Powerful aftershocks shake Chile

  • Breaking
  • 05/03/2010

The most powerful aftershock in six days sent terrified Chileans fleeing into quake-shattered streets and forced doctors to evacuate some patients from a major hospital on Friday as the nation struggled to comprehend the scope of the disaster that hit it.

People raced into the streets in pajamas as a magnitude-6.0 aftershock struck Concepcion shortly before dawn.

A magnitude-6.6 shock at 8:47am then rattled buildings for nearly a minute.

It was the strongest aftershock since a magnitude-6.9 jolt shortly after Saturday's historic quake and it sent office chairs spilling from upper floor of an already-damaged 22-storey building.

Fear of additional damage led officials to evacuate some patients from the regional hospital in downtown Concepcion.

"They sent us all home," said 47-year-old Aaron Valenzuela, who hobbled through the street because four toes had been amputated due to an injury he suffered in Saturday's big quake.

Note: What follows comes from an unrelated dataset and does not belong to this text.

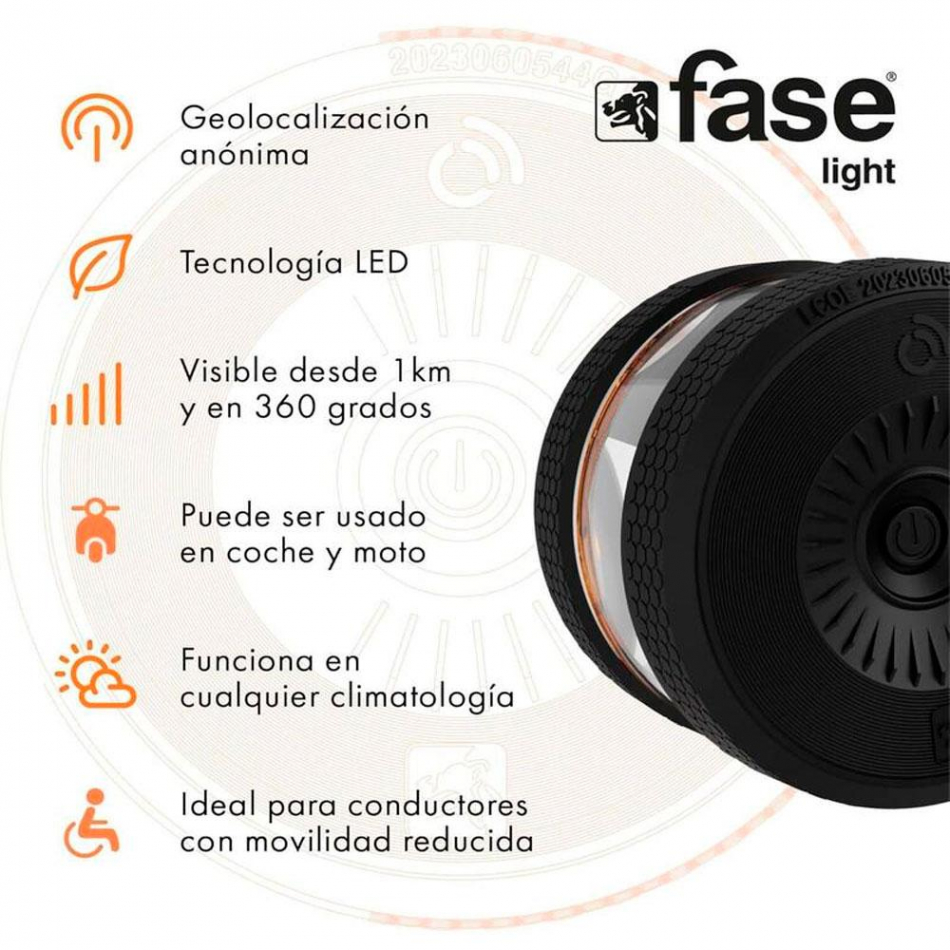 La Baliza homologada V16 geolocalizable FASE LIGHT es un dispositivo de señalización de emergencias en carretera diseñado para mejorar la seguridad vial, aportando geolocalización exacta y anónima a la DGT 3.0 en caso de peligro o incidente. Es la señal V16 homologada que será obligatoria a partir del 01/01/2026.

Dr Patricia Correa, who was overseeing the hospital's emergency ward, said her part of the five-story building "is on the point of collapsing. The walls cracked."

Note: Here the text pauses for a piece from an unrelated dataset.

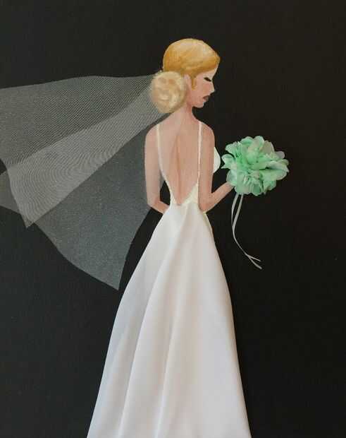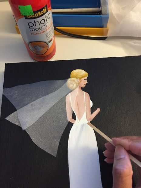 1. En esta boda 3d arte de la lona, después de un velo de la novia, pegué en con foto montaje pegamento. Pensé que ya que es claro y ligero no demostraría a través el velo puro o la tela de seda de la bata demasiado. No rocíe directamente sobre el lienzo, pulveriza sobre un trozo de papel de desecho y luego de utilizar un mezclador de café madera para sacar con pala encima de algun pegamento y aplicó directamente sobre el terreno en el lienzo donde se coloque la tela.

As a daily curfew meant to halt looting expired at noon, people flooded into the streets of Concepcion and formed lines about 100 long behind an intermittently functioning automatic teller machine, for a rare open pharmacy and at a corner store.

A sign at the shop announced it was out of flour, water, candles, rice, cheese, eggs and diapers, though jam, sugar, coffee and onions remained.

UN Secretary-General Ban Ki-moon arrived in the capital, Santiago, promising support for Chile.

"The Chilean government is asking for international aid and we will give it," he said.

Chile's U.N. Ambassador Heraldo Munoz told a press conference at UN headquarters in New York it's estimated that reconstruction "will cost Chile about US$30 billion".

Amir Dossal, executive director of the UN Office for Partnerships, said private donations have begun to arrive, among them US$1 million from Wal-Mart and US$500,000 from Hewlett Packard.

President Michelle Bachelet, meanwhile, met with her successor, Sebastian Pinera, and they promised to try to avoid letting the March 11 hand-over of power interrupt aid efforts.

"The new government will have an immense challenge," Bachelet said.

Officials were still struggling to determine the human toll of the magnitude-8.8 quake, as well as the damage to roads, ports and buildings such as hospitals.

Disaster officials announced they had double-counted at least 271 missing as dead in the hardest-hit part of the country - an error that would drop the official death toll to about 540 if there were no other mistakes.

But Interior Department officials said that from now on, they would release only the number of dead who had been identified: 279 as of Friday.

The government also said Friday it had removed Cmdr. Mariano Rojas as head of the Navy's oceanographic service over its failure to issue a tsunami warning for the Pacific immediately after Saturday's quake.

Port captains in several towns issued their own warnings, but a national alert never came, and some say that failure led to deaths. The tsunami is believed responsible for much of the deaths and damage.

Bachelet says it will take three years to rebuild the region wracked by the earthquake and tsunami, and that task is all too clear to the people trying to clean up the ruins of their towns.